Anacolosa frutescens
- Conservation status: Least Concern (IUCN 3.1)

Scientific classification
- Kingdom: Plantae
- Clade: Tracheophytes
- Clade: Angiosperms
- Clade: Eudicots
- Order: Santalales
- Family: Olacaceae
- Genus: Anacolosa
- Species: A. frutescens
- Binomial name: Anacolosa frutescens (Blume) Blume
- Synonyms: Anacolosa arborea Koord. & Valeton; Anacolosa celebica Valeton ex Koord.; Anacolosa heptandra Maingay ex Mast.; Anacolosa luzoniensis Merr.; Anacolosa puberula Kurz; Anacolosa puberula var. andamanica Kurz; Anacolosa zollingeri Baill.; Stemonurus frutescens Blume;

= Anacolosa frutescens =

- Genus: Anacolosa
- Species: frutescens
- Authority: (Blume) Blume
- Conservation status: LC
- Synonyms: Anacolosa arborea , Anacolosa celebica , Anacolosa heptandra , Anacolosa luzoniensis , Anacolosa puberula , Anacolosa puberula var. andamanica , Anacolosa zollingeri , Stemonurus frutescens

Species of flowering plant

Anacolosa frutescens, also known as galo or galonut, is a plant in the family Olacaceae. The specific epithet frutescens is from the Latin frutex meaning 'shrub'. It produces edible fruits and nuts eaten in the Philippines.

==Description==
Anacolosa frutescens grows as a shrub or small tree up to 30 m tall with a diameter of up to 30 cm. The greenish grey bark is smooth to mottled. The obovoid to oblong fruits are green, ripening to yellow or orange, and measure up to 1.2 cm long. The wood is sometimes locally used for house posts.

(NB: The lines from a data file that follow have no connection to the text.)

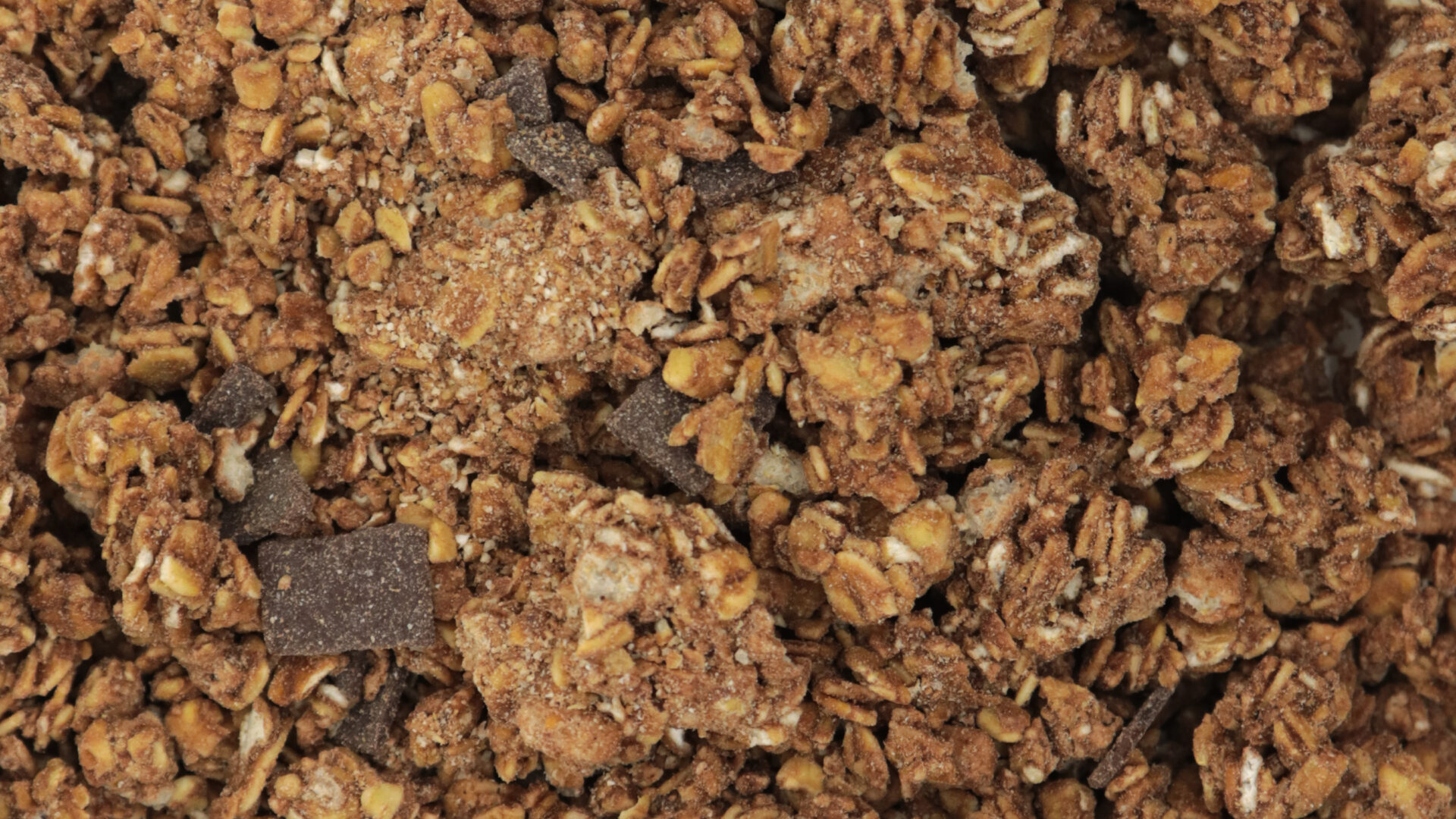 Ingrédients : Céréales complètes (flocons d’avoine*, flocons de blé*), sucre*, huile de tournesol*, poudre de chocolat* (sucre*, poudre de cacao*), morceaux de chocolat* (sucre*, pâte de cacao*, beurre de cacao*, émulsifiant : lécithine de tournesol*), riz soufflé* (farine de riz*, farine de blé*, sucre*, malt d’orge*, émulsifiant : lécithine de tournesol*), farine de blé*, sirop de glucose*, chocolat au lait* (sucre*, poudre de lait entier*, beurre de cacao*, pâte de cacao*, arome*), miel*, sucre* caramélisé, antioxydant : extrait riche en tocophérols
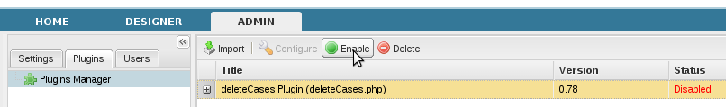 After linking or copying the plugin's files into the ProcessMaker file system, then login to ProcessMaker as the "admin" user (or another user with the PM_SETUPADVANCED permission in his/her role). Go to ADMIN > Plugins > Plugin Manager and select the new plugin which should appear in the list. Then, click on the "Enable" button to activate the plugin.
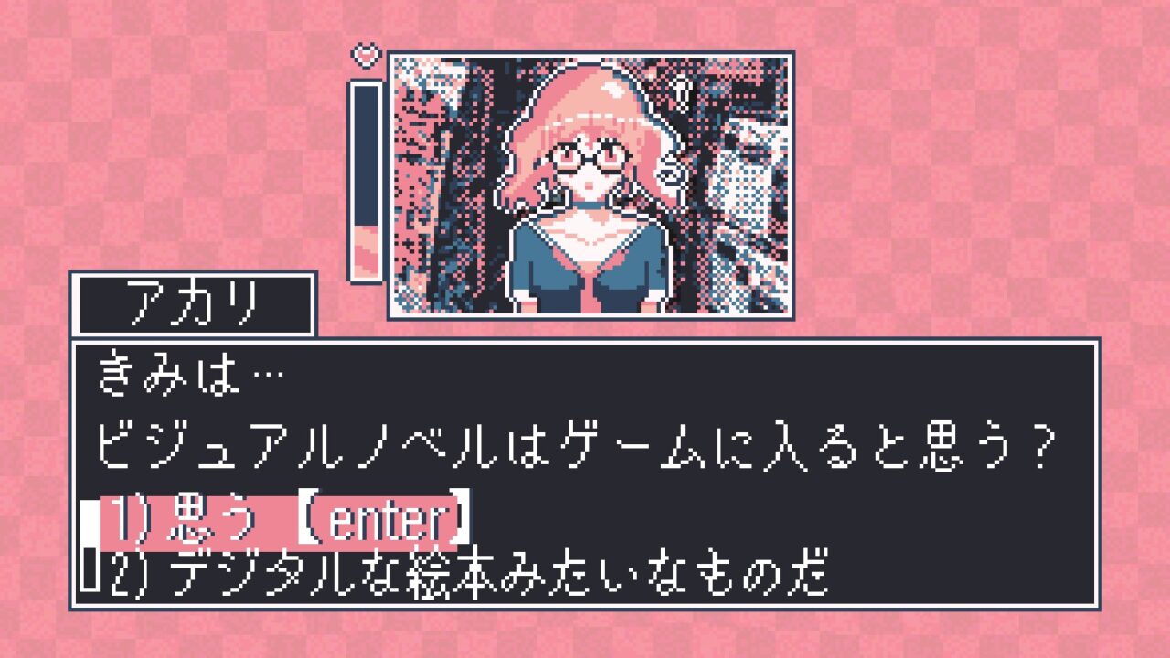 攻略ヒロインは仮想彼女「アカリ」ただ一人となっており、会話の相手もアカリのみ。
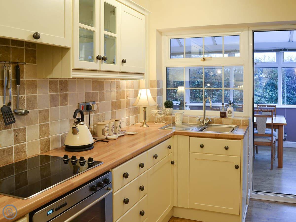 It's got a 4 Star rating, which is good. Two bedrooms, sleeps four, bathroom. The garden is enclosed so it's safe if you've got dogs. The owners let you bring two pets.
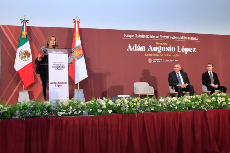 Al encabezar el evento ‘Diálogos Ciudadanos: Reforma Electoral y Gobernabilidad en México’, en el Centro de Convenciones de la entidad, el titular de Gobernación subrayó que la mandataria estatal es un ejemplo de trabajo, dedicación, entrega y preocupación por su gente.
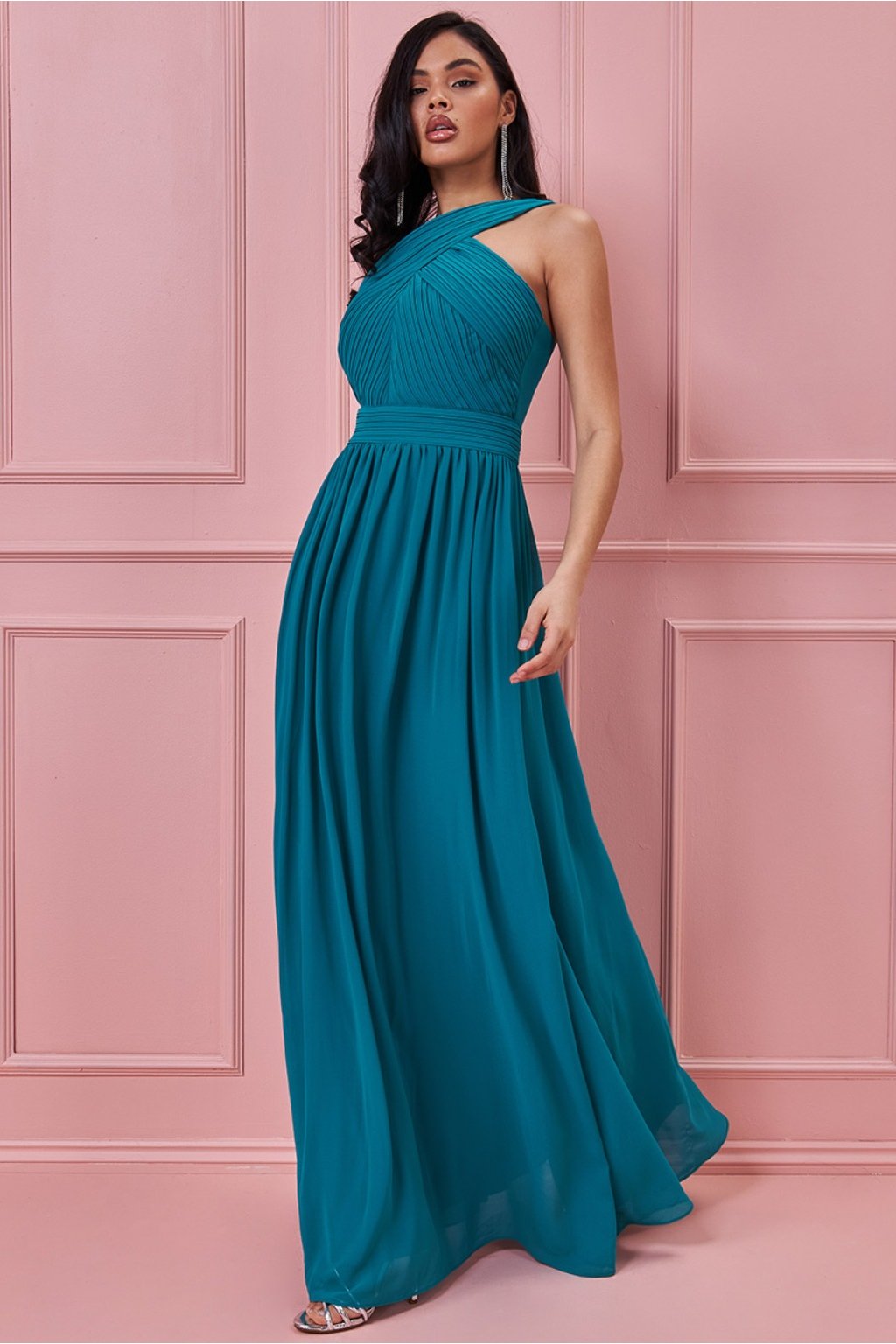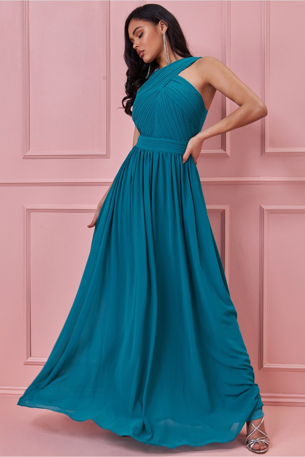 Tyrkysové šifónové šaty s odhaleným chrbtom
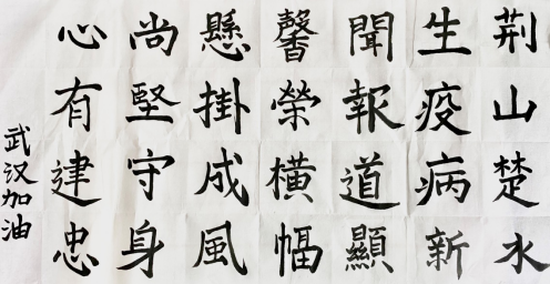 (书法“武汉加油” 黄怡欣 16级城乡规划1班)
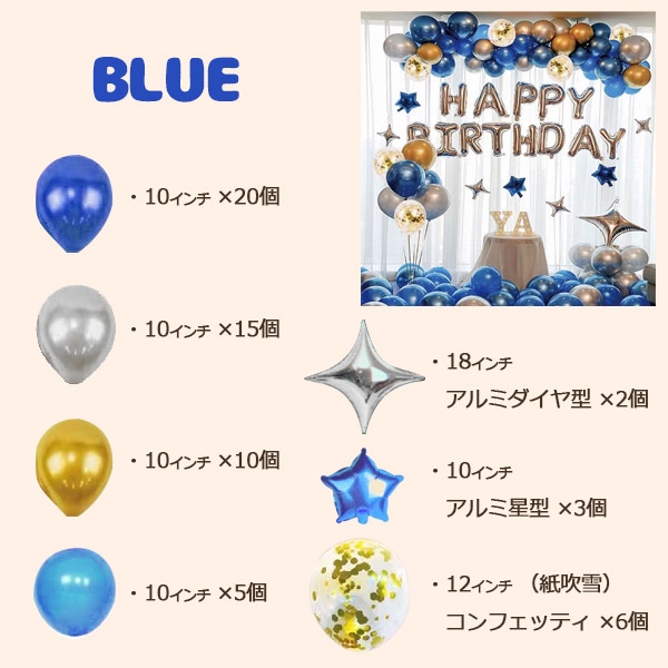バースデーパーティー会場を盛り上げるバルーンセットです。アレンジ自在なゴム風船とアルミ風船等が合計60個以上入っています。壁に貼り付けたり、ヘリウムガスを入れて浮かべたりとアイデア次第で素敵な空間を演出できます。バルーンガーランドを作るのに便利なアレンジ用テープや、ドット型の両面テープも付属しています。風船結びツールは膨らませた風船の口を縛るのに便利で、指にはめて簡単に口が結べ、手が痛くなりません。※ご自身で空気またはヘリウムガスを入れて膨らませていただく商品です。ポンプやストローは付属しません。【セット内容】「HAPPY BIRTHDAY」文字アルミ風船各1個/10インチ風船ブルー×20個/10インチアルミ風船ホワイト×15個/10インチアルミ風船ゴールド×10個/10インチアルミ風船ブルー×5個/18インチアルミ風船ダイヤ型×2個/10インチアルミ風船ダイヤ型×4個/10インチアルミ風船ブルー星型×3個/12インチ紙吹雪風船×6個/風船結びツール×1個/アレンジ用テープ×1個/ドット型両面テープ×1個
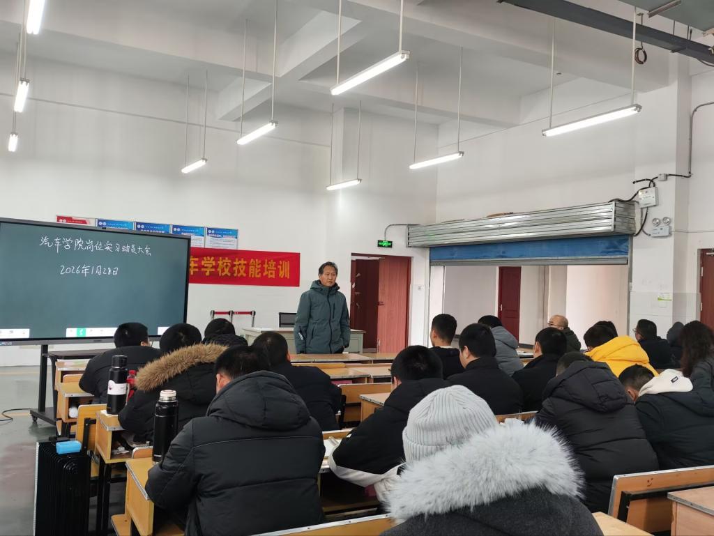 为扎实推进学生实习工作,引导学生做好实习前的各项准备,汽车学院于2026年1月28日在立德楼C209实训室,举行了2023届部分军士生实习动员大会。
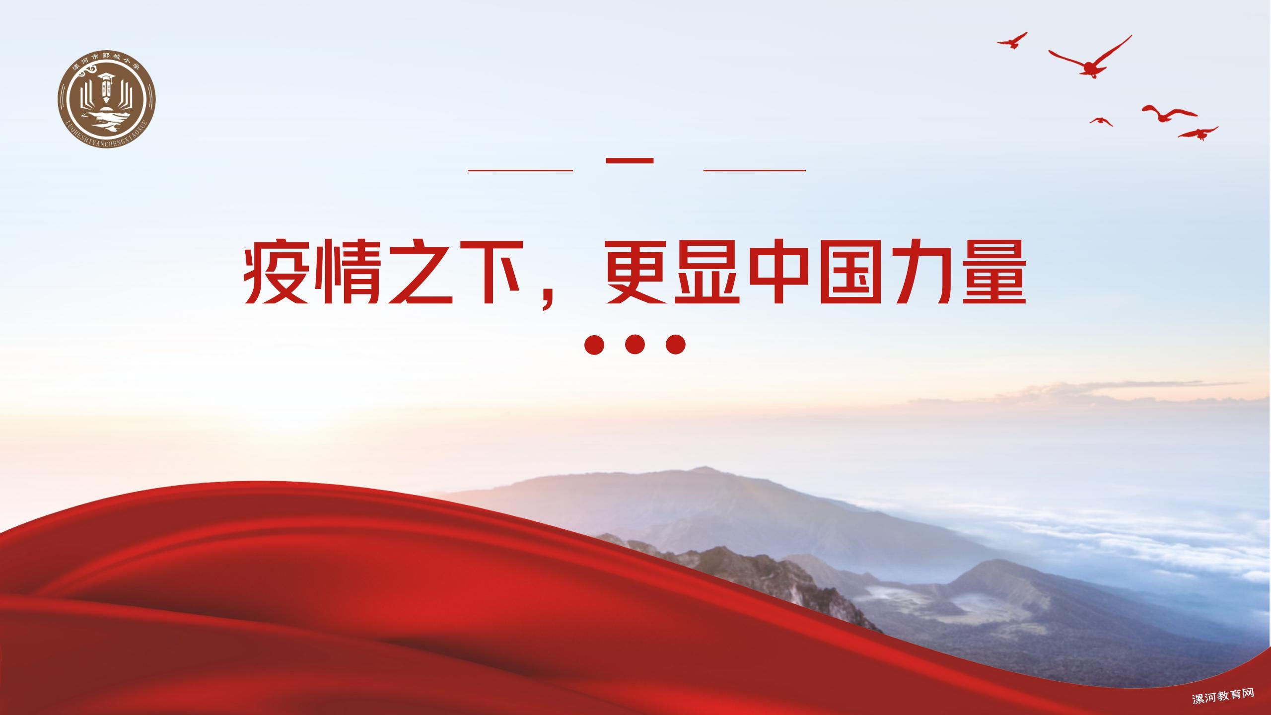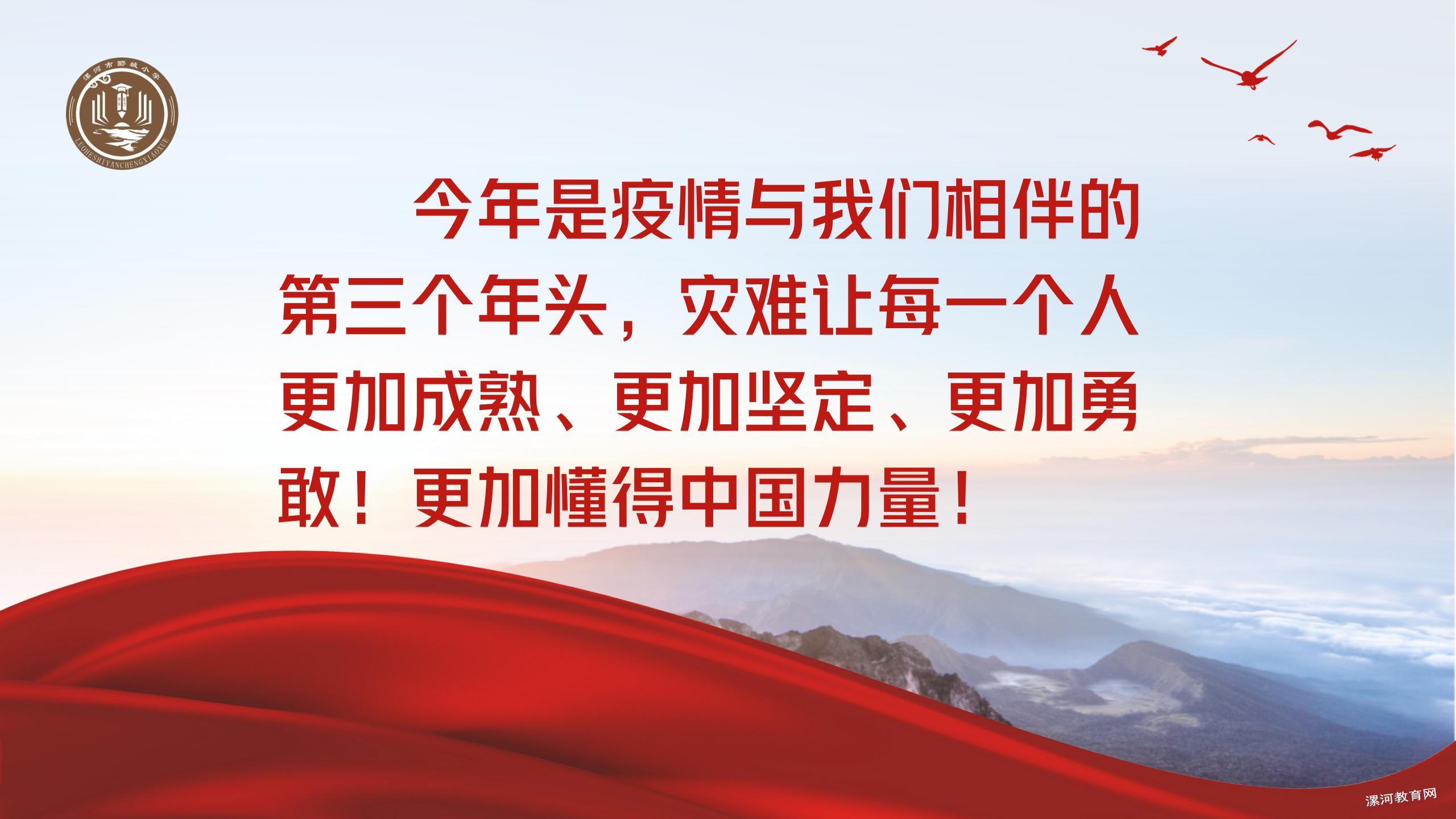 亲爱的老师们、同学们,疫情之下的漯河是和平稳定的,我们是丰衣足食的、健康自由的!即便是疫情封控,我们依然是安宁的。疫情让我们意识到,我们与伟大的祖国、与生活的这座城市唇齿相依,荣辱与共。唯有强大的祖国才能给予我们和平与安宁!

==Distribution and habitat==
Anacolosa frutescens is native to Southeast Asia, from the Andaman and Nicobar Islands and Myanmar through Malaysia, Indonesia, and the Philippines. Its habitat is mixed dipterocarp forests, sometimes heath and peat swamp forests, occasionally submontane forests, from sea-level to 1100 m altitude.

==Uses==
The fruit and seeds of galo (also known as aluloy) is eaten in the Philippines. The fruit is usually boiled before consumption and has a taste similar to avocado. The seeds have a flavor described as being similar to a mixture of sweet corn and chestnuts.